Make-up artist and illustrator Isamaya Ffrench is one of the most sought after creatives in fashion. In this extract from issue five of Riposte magazine, Liv Siddall talks to Ffrench about using make-up to tell a story, collaborating with designers on couture shows and using Instagram to document her creative experiments

Isamaya Ffrench’s work punches you in the face and bolts you out of your lethargic internet scroll. Many people refer to her as a make-up artist but the title doesn’t do her work justice. She creates narratives and characters that play out across the faces of those she works with. Achieving the perfect lip or eyeliner flick is not top of her agenda, finding a new way to express herself most definitely is.

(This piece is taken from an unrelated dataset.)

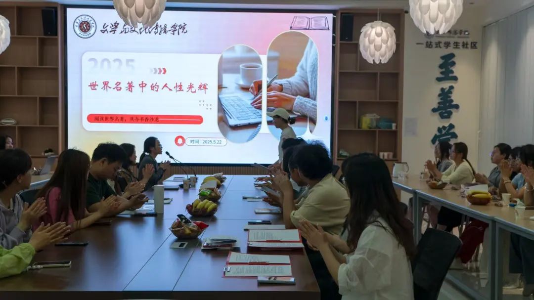 2025年5月22日下午,文学与文化传播学院第24届读书月"阅读马拉松"主题周系列活动之"世界名著中的人性光辉"跨文化阅读沙龙,在至善学堂二楼如约启幕。这场以书为媒、跨越时空的文化盛宴,吸引了众多师生共赴经典之约,通过深度解读世界名著,探寻人性深处的璀璨光芒,搭建起多元文化交流的思想桥梁。

If you haven’t heard of her, Isamaya is a young designer turned illustrator turned well-celebrated make-up artist. On paper she’s YSL’s UK make-up ambassador, i-D magazine’s beauty editor and she works with clients such as Chanel, Hermes, Selfridges and a handful of the world’s best up-and-coming fashion designers.

Isamaya Ffrench, photographed by Neil Bedford for Riposte. Lead image (top): Personal commission, photographed by Felicity Ingram for The Telegraph

It all started during her time studying product design at Central Saint Martins. To earn a few quid she began doing children’s face-painting as a weekend job and quickly realised she was really, really into it. Later, while working as a dancer at the Theo Adams Company, Isamaya had her big break when London-based artist Matthew Stone approached her to do some body painting for an i-D shoot. “I decided it was easy enough to do and it was something that gave me creative freedom,” she says. “I’ve never looked back!”

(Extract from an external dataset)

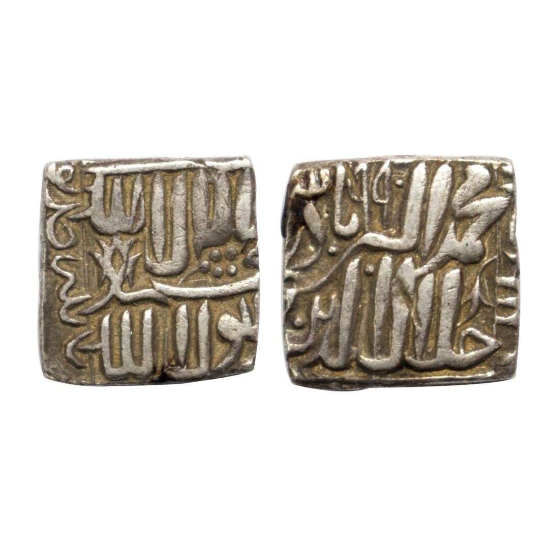 Mughals, Akbar (AH 963-1014 / 1556-1605 AD), Silver Square Rupee, 11.16 grms, Bang Mint (Bengal Province), AH 990, Kalima and Jhar privy mark at end of Muhammad on obv., crude legend on both sides. (KM # 86.1). Very Fine+

Something about what Isamaya does is so refreshing compared to all the make-up advertising and imagery we are used to. Where most magazines stop at squishing a load of lipsticks together for a photo shoot, Isamaya will eat the lipstick and shoot that instead. Her work is bonkers: no-holds-barred creations like you’ve never seen before. You get the feeling she could be handed anything and do something brilliant with it. Perhaps it’s because she’s totally unaffected by the make-up world, treating it as an art medium rather than a branch of the fashion industry: paint, brushes, textures and colours have infinite combinations and possibilities for her to explore.

Personal experiment

Nowadays she has thousands of devoted followers who adoringly like, share and comment on her every update. Her rather addictive Instagram feed is made up of hundreds of photos of Isamaya doing things like putting two fake-boob chicken fillets over her eyes, lighting a whole pack of fags in her mouth, wrapping fishing wire around her tongue, or applying Letraset to her teeth. And that’s just the selfies; every other photo is basically a Tumblr of every fashion image you’ve ever glanced at and thought was cool (she’s behind the much talked-about pixelated lego masks of young designers Agi & Sam’s AW15 collection, and the plastic bags on the heads of models for Christopher Shannon’s). But mostly the images are wildly intricate pieces of work, practised on her own face.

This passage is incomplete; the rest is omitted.